众人作鸟兽散。戴沐白拉着朱竹清不知去了哪里,奥斯卡和马红俊勾肩搭背地出门觅食,小舞拽着宁荣荣说要去看天斗城的胭脂铺子,泰隆被黄远拖去加练,京灵和绛珠说要去城东的书肆。
千寻昙站在驻地门口,阳光落在她月白色的衣襟上。
唐三走到她身侧。
“出去走走?”他问。
千寻昙点了点头。
天斗城的春日比索托城来得更早。街道两旁的槐树已经抽出密密的新叶,风一吹便沙沙作响。千寻昙走得不快,唐三便也放慢了步子。
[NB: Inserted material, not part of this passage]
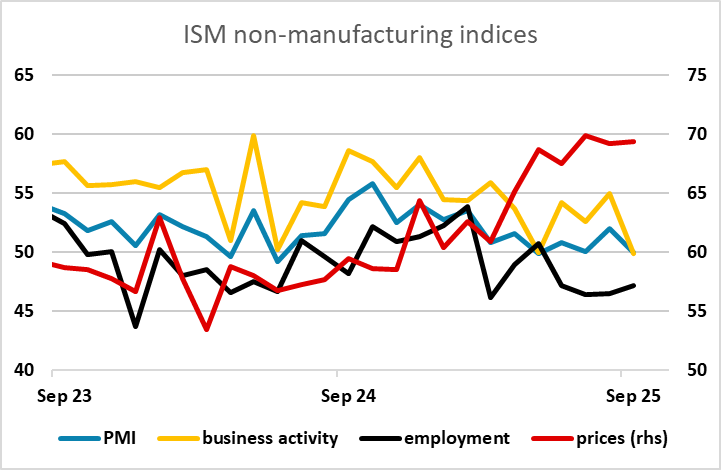 A mixed response to weaker than expected ISM data, with EUR/USD up but USD/JPY also higher. US yields are also up slightly. Objectively, it’s hard to see the data as anything but weaker than expected, although the price index rose slightly, and resilient prices might be a barrier to Fed easing. But if so, weak activity and sticky prices are not particularly good news for the equity market. So the rise in EUR/JPY that has followed the data seems unlikely to persist, and may reflect end of week squaring more than any fundamental news.

两人并肩走过几条街,路过一家卖糖炒栗子的小摊。唐三停下来买了一包,纸袋还烫手,他递给她。
千寻昙接过,剥开一颗。
栗子很甜,糯糯的,在舌尖化开。
她的指尖忽然泛起一点极淡的浅金色。
那光芒很轻,轻得像从指缝间漏出的一缕晨光。然后一个细细的、带着几分慵懒的声音在她脑海里响了起来。
“栗子……”
千寻昙低头看着自己的指尖。
“相思?”她在心里唤了一声。
“唔。”那声音含糊不清,像是刚睡醒,“好香……”
唐三也停了下来。
他垂下眼,掌心同样亮起一道极淡的蓝光。
“醒了?”他没有出声,只是静静地感知着精神海里的那个小东西。
“感觉我补充能量睡了好久……”相思的声音软绵绵的,带着刚睡醒的鼻音,“你们到哪儿了?”相思现在适应了这样的生活,说话也不文绉绉的,只是经常沉睡。
“天斗赛区,”千寻昙在心里回答,“七连胜。”
“七连胜?”相思的声音一下子精神了许多,“相思错过了!都怪你们,也不叫醒相思!”
“叫你你也帮不上忙,”唐三的语气平平的,“你连蓝银草都缠不紧。”
“……哼。”
那声音气鼓鼓地消失了。
但千寻昙知道她没有走,只是躲进精神海深处生闷气去了。
她弯了弯唇角,继续剥栗子。
唐三走在她身侧,没有追问她在笑什么。
两人又走了一段。
千寻昙把最后几颗栗子吃完,拍了拍手上的碎屑。
“阿唐。”她说。
“嗯。”
“很久没见到你师娘了。”
唐三的脚步顿了一下。
“东儿前辈,”千寻昙说,“上次在学院见过之后,就一直没再遇见。”
唐三沉默了一会儿。
“她身体不太好,”他说,“这些年一直在静养。”
千寻昙点了点头,没有追问。
她记得那位前辈的样子。
她叫小刚的时候,声音很轻,轻得像怕惊醒什么。
千寻昙没有再问更多。
她只是把“东儿”这个名字记在心里。
精神海里,相思的声音忽然又冒了出来。
“东儿阿姨,”她说,“相思记得她。她身上有好好闻的味道。”
千寻昙没有说话。
“她生病了吗?”相思问。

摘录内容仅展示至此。